Il caso di Watson costituisce anche un’eccezione per quanto riguarda le questioni etiche sollevate dalla ricerca genomica. Rothberg e colleghi lo hanno preso come primo soggetto di studio in parte come omaggio al suo ruolo di pioniere della ricerca genetica ma anche perché, essendo lui stesso un genetista, è ben consapevole delle criticità che possono emergere dal conoscere e pubblicare il genoma di un individuo specifico. Per esempio, uno potrebbe scoprire di avere una variante genetica associata a una patologia incurabile, come l’Alzheimer. Nella famiglia di Watson, in particolare, si sono verificati molti casi di Alzheimer, e lui ha precisato di non voler sapere se il suo genoma presenta una mutazione denominata Apoe4 collegata a un maggiore rischio di contrarre tale patologia.
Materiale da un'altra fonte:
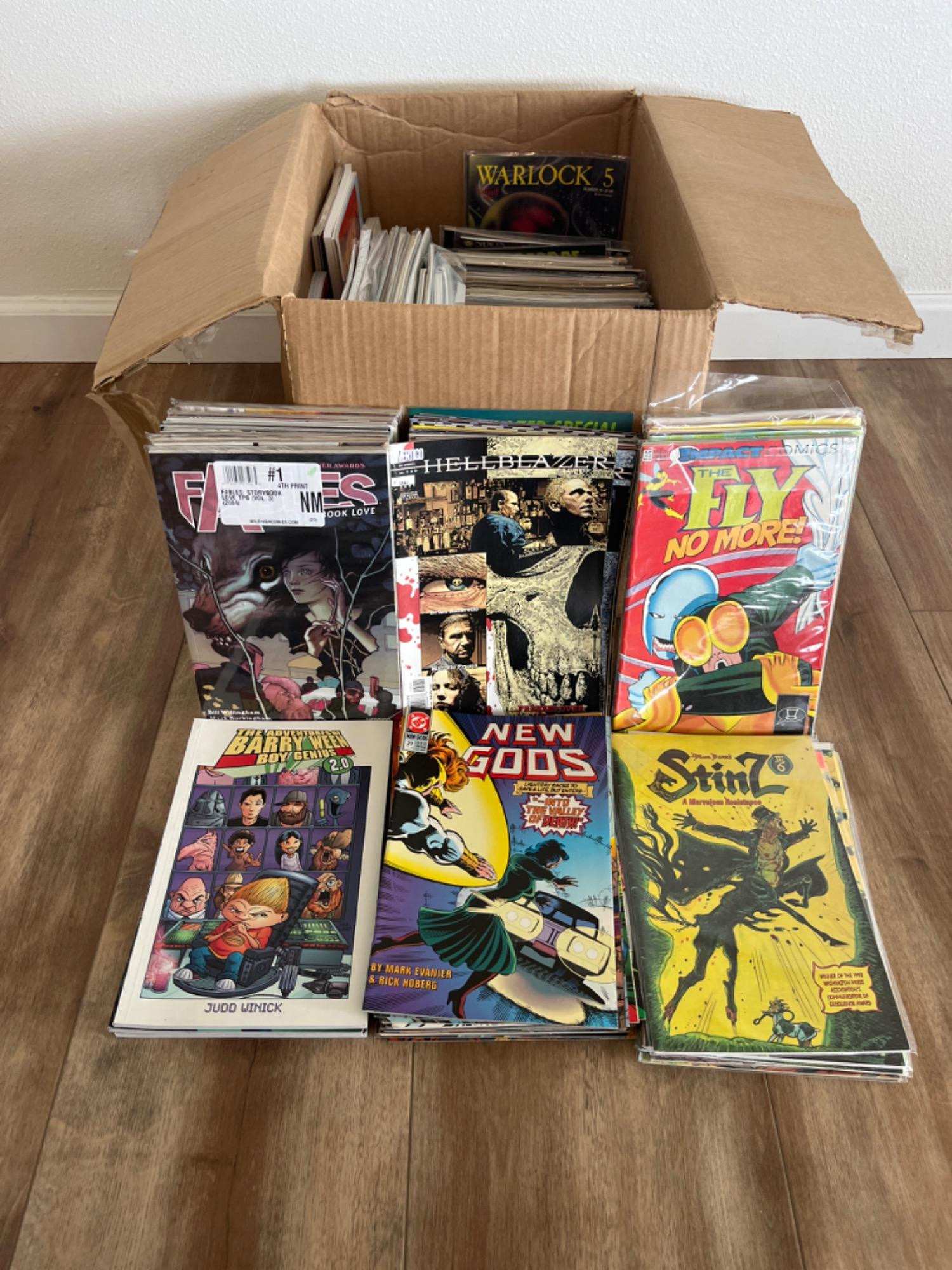Lot # 57 - Misc Comic Book Box - Fables, HellBlazer, The Fly, Stinz, New Gods,Etc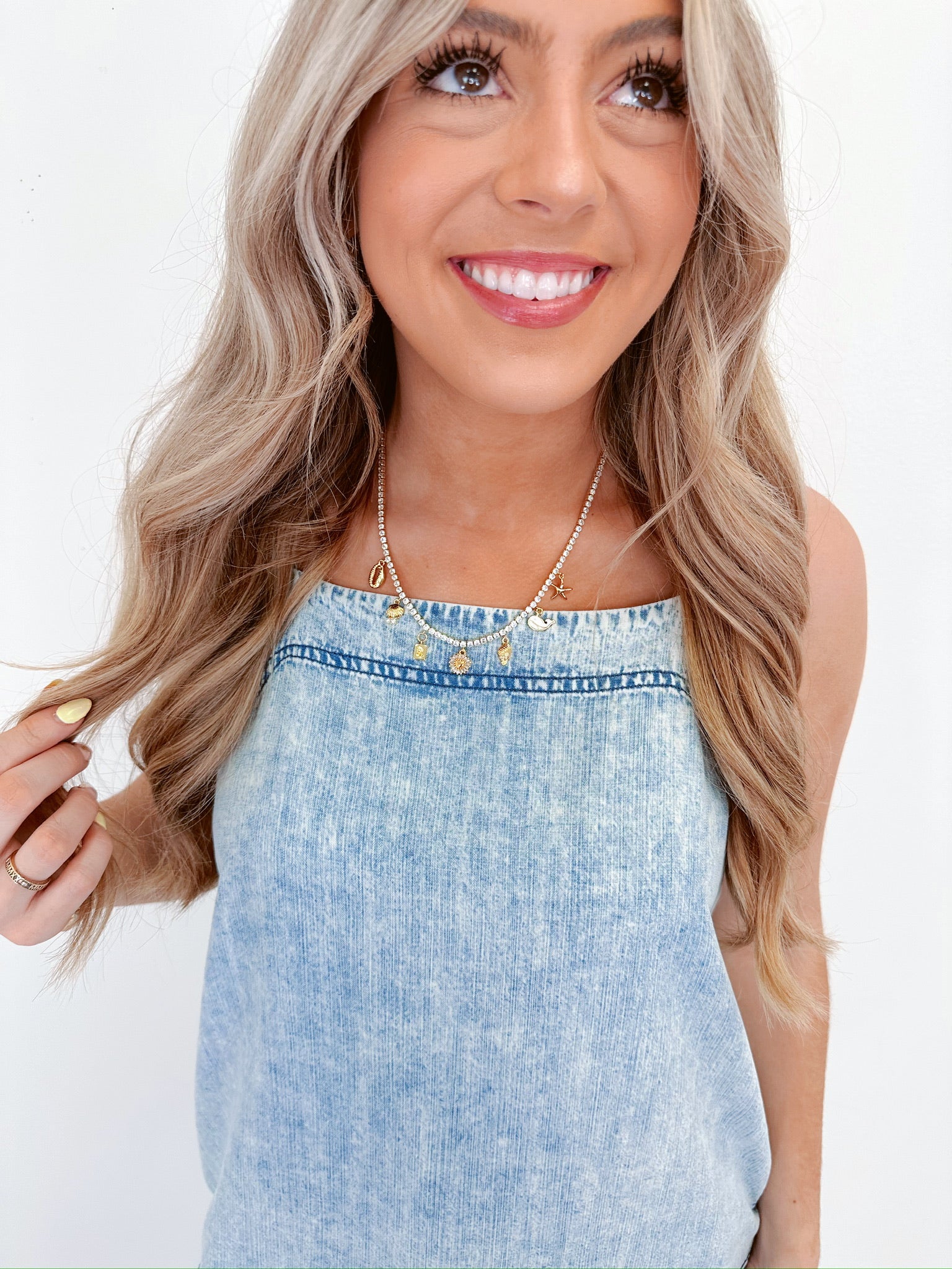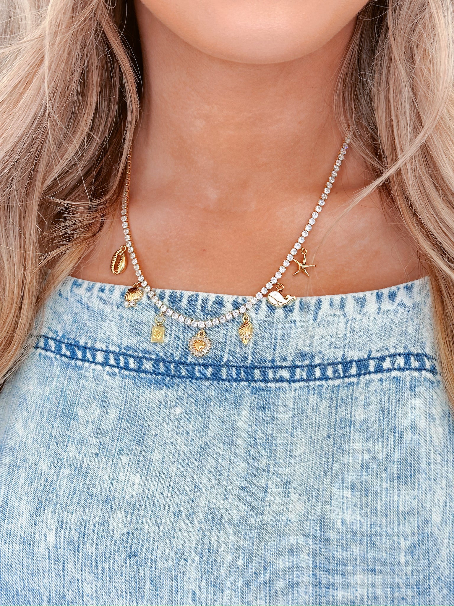 - Our Shimmering Shore Charm Necklace is a super sparkly must have. Elevate your wardrobe with this charming necklace and add a chic touch to your date night fit.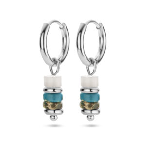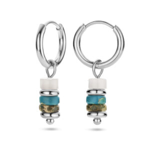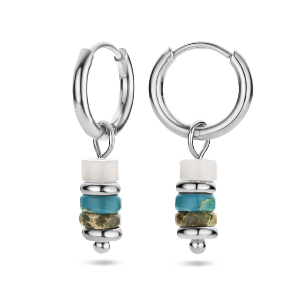 Stalen oorringen uitgevoerd met synthetische kleurstenen. De oorringen hebben een diameter van 11.5mm.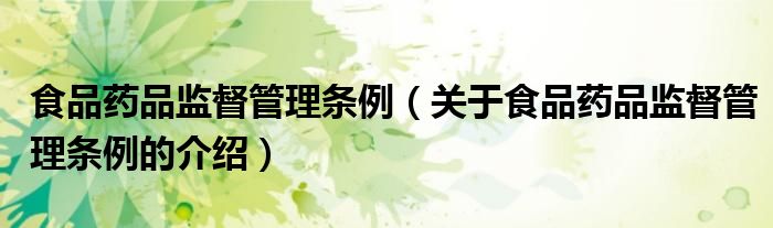 食品药品监督管理条例(关于食品药品监督管理条例的介绍)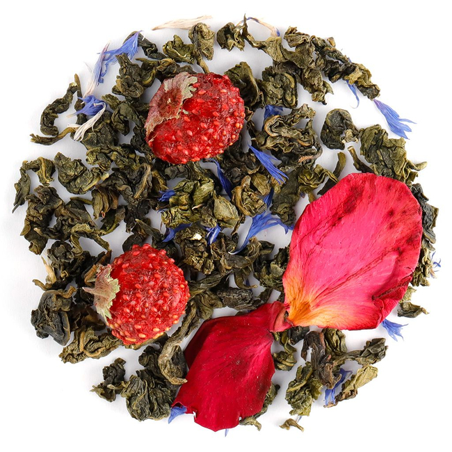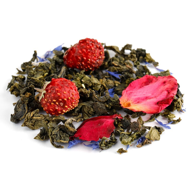 Состав: чай улун китайский, клубника ягоды, роза лепестки, василек лепестки, аромат земляники и тропических фруктов.

Uno dei principali motivi di preoccupazione riguardanti la genomica individuale è la possibilità che si verifichino delle discriminazioni sul lavoro o quando si cerca di stipulare un’assicurazione sanitaria. Diversi stati hanno delle leggi che lo impediscono, ma a livello federale le proposte di riforma in questo senso sono in stallo da anni. Peter Traber, presidente del Baylor, ha dichiarato in fase di conferenza stampa che spera che il completamento del genoma di Watson possa contribuire a sbloccare la situazione. Dal canto suo, Watson dice di non aver rimuginato molto sui contenuti del suo genoma nel lasso di tempo intercorso tra il prelievo del suo campione di Dna e l’elaborazione dei risultati. “Sapevo che conoscere l’esito del test mi avrebbe esposto a possibili ansie”, commenta. “Ma al momento se mi capita di non riuscire a dormire la notte è più probabile che sia perché penso all’Iraq”.